Abou-Mohamed G, Papapetropoulos A, Catravas J D, Caldwell R W
Department of Pharmacology and Toxicology, Medical College of Georgia, Augusta 30912, USA.
Eur J Pharmacol. 1998 Jan 12;341(2-3):265-72. doi: 10.1016/s0014-2999(97)01416-7.

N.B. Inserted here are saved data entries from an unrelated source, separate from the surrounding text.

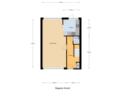 Begane grond: Entree hal met de meterkast, trapopgang en een luxe toiletruimte met closet en fonteintje. De ruime woonkamer (type doorzon) is (ca. 7.50 m x 3.70 m / deels 3.10 m grenzend aan de open keuken) met veel lichtinval. Aan de voorzijde heeft u bij deze woning een vrije zichtlijn langs woningen. De net afgewerkte en luxe open keuken (ca. 2.45 m x 2.50 m) is bereikbaar via de woonkamer; de keuken is voorzien van diverse nieuwe inbouwapparatuur. De zonnige achtertuin (ca. 6.40 m x 10.40 m) is op het westen georiënteerd, heeft een stenen schuur (ca. 2.30 m x 3.80 m) en een achterom.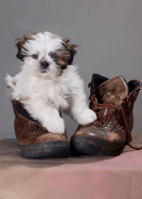 This fuzzy little fellow looks so adorable standing on his shoes. It is almost like he is afraid to touch the floor. Such a cutie.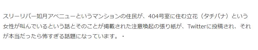 【怖い話】スリーリバー如月アベニューというマンションの404号室に「タチバナ」という不審な女性が出没した話がホラーすぎる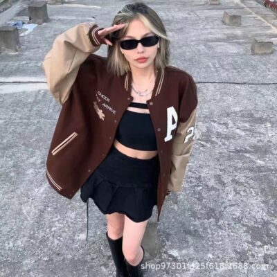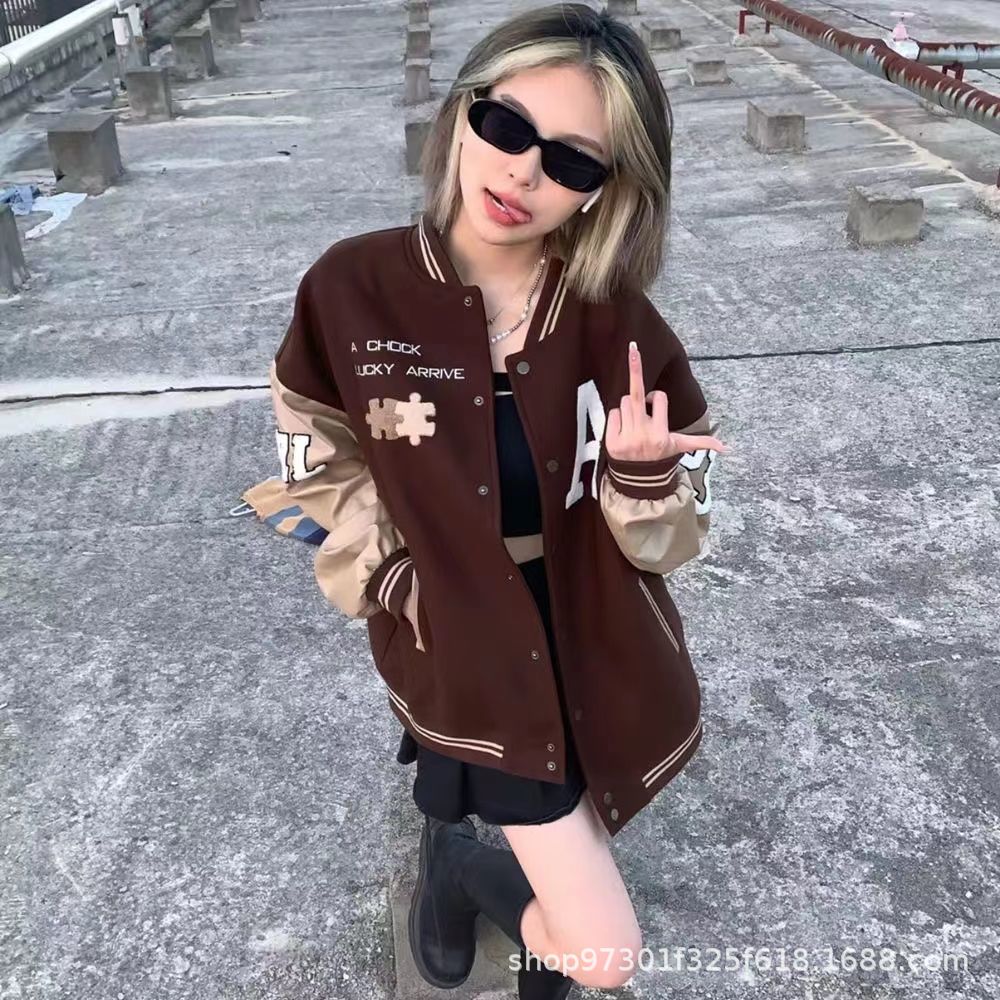 Mới Phong Cách Mỹ Retro Đồng Phục Bóng Chày Nữ Thu Đông Rời Tất Cả Trận Đấu Vintage Khâu PU Áo Khoác Ins triều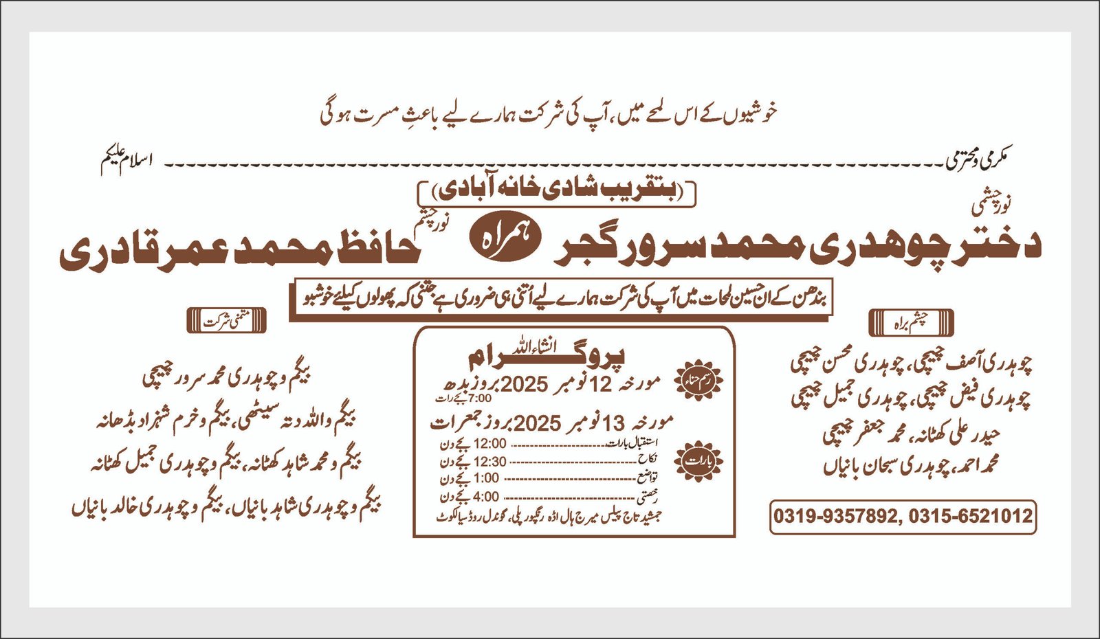 - Pure Urdu text β bride ka naam, walidain ke naam, mehmaanon ko izzat ke sath dawat

There is compelling evidence to indicate an anti-inflammatory action of Zn2+. Most inflammatory diseases are associated with an increase of the inducible form of nitric oxide (NO) synthase. Additionally, inflammatory mediators such as histamine or bradykinin stimulate the constitutive NO synthase. Thus, the present study was undertaken to investigate whether Zn2+ inhibits production of inducible NO synthase and/or constitutive NO synthase activity to produce NO. Lipopolysaccharide, 5 mg/kg i.v., administered to Zn2+-deficient (ZD) rats, rats supplemented with Zn2+ sulfate (ZG), 10 mg/kg s.c., or controls resulted in a significant reduction of their serum Zn2+. The levels of N(G)-nitro-L-arginine methylester (L-NAME)-sensitive cyclic GMP (cGMP) in aortas isolated from ZD or ZG were significantly lower than those obtained from control animals. Zinc (100-150 microM) produced a dose-dependent inhibition of lipopolysaccharide or interleukin-1beta-induced NO formation in isolated rat aortic smooth muscle cells. Compared to cyclohexamide or actinomycin-D, the time course of inhibition of NO formation by 150 microM Zn2+ did not suggest an effect of Zn2+ on inducible NO synthase protein synthesis. Moreover, Zn2+ (150 microM) significantly reduced the rate of conversion of [3H]arginine to [3H]citrulline in lung homogenates from lipopolysaccharide-treated rats. Incubation of rat aortic smooth muscle cells and bovine pulmonary artery endothelial cell co-cultures with Zn2+ (150 microM) caused a significant reduction in basal and bradykinin- or A-23187-induced formation of cGMP. Thus, our results indicate that Zn2+ is capable of inhibiting lipopolysaccharide- or interleukin-1beta-induced NO formation as well as NO formation by constitutive NO synthase basally or in response to bradykinin or A-23187, and may explain the reported anti-inflammatory activity of Zn2+.
有确凿证据表明锌离子(Zn2+)具有抗炎作用。大多数炎症性疾病都与诱导型一氧化氮(NO)合酶的增加有关。此外,组胺或缓激肽等炎症介质会刺激组成型NO合酶。因此,本研究旨在探讨Zn2+是否会抑制诱导型NO合酶的产生和/或组成型NO合酶产生NO的活性。给缺锌(ZD)大鼠静脉注射5mg/kg脂多糖,给补充硫酸锌(ZG)的大鼠皮下注射10mg/kg,或给对照组大鼠注射脂多糖后,它们的血清锌离子显著降低。从ZD或ZG大鼠分离的主动脉中,N(G)-硝基-L-精氨酸甲酯(L-NAME)敏感的环磷酸鸟苷(cGMP)水平显著低于对照组动物。锌(100-150μM)对脂多糖或白细胞介素-1β诱导的分离大鼠主动脉平滑肌细胞中NO的形成产生剂量依赖性抑制作用。与环己酰亚胺或放线菌素-D相比,150μM Zn2+对NO形成的抑制时间进程并不表明Zn2+对诱导型NO合酶蛋白合成有影响。此外,Zn2+(150μM)显著降低了脂多糖处理大鼠肺匀浆中[3H]精氨酸向[3H]瓜氨酸的转化速率。用Zn2+(150μM)孵育大鼠主动脉平滑肌细胞和牛肺动脉内皮细胞共培养物,可显著降低基础状态下以及缓激肽或A-23187诱导的cGMP形成。因此,我们的结果表明,Zn2+能够抑制脂多糖或白细胞介素-1β诱导的NO形成,以及基础状态下或对缓激肽或A-23187应答时组成型NO合酶产生的NO形成,这可能解释了报道的Zn2+的抗炎活性。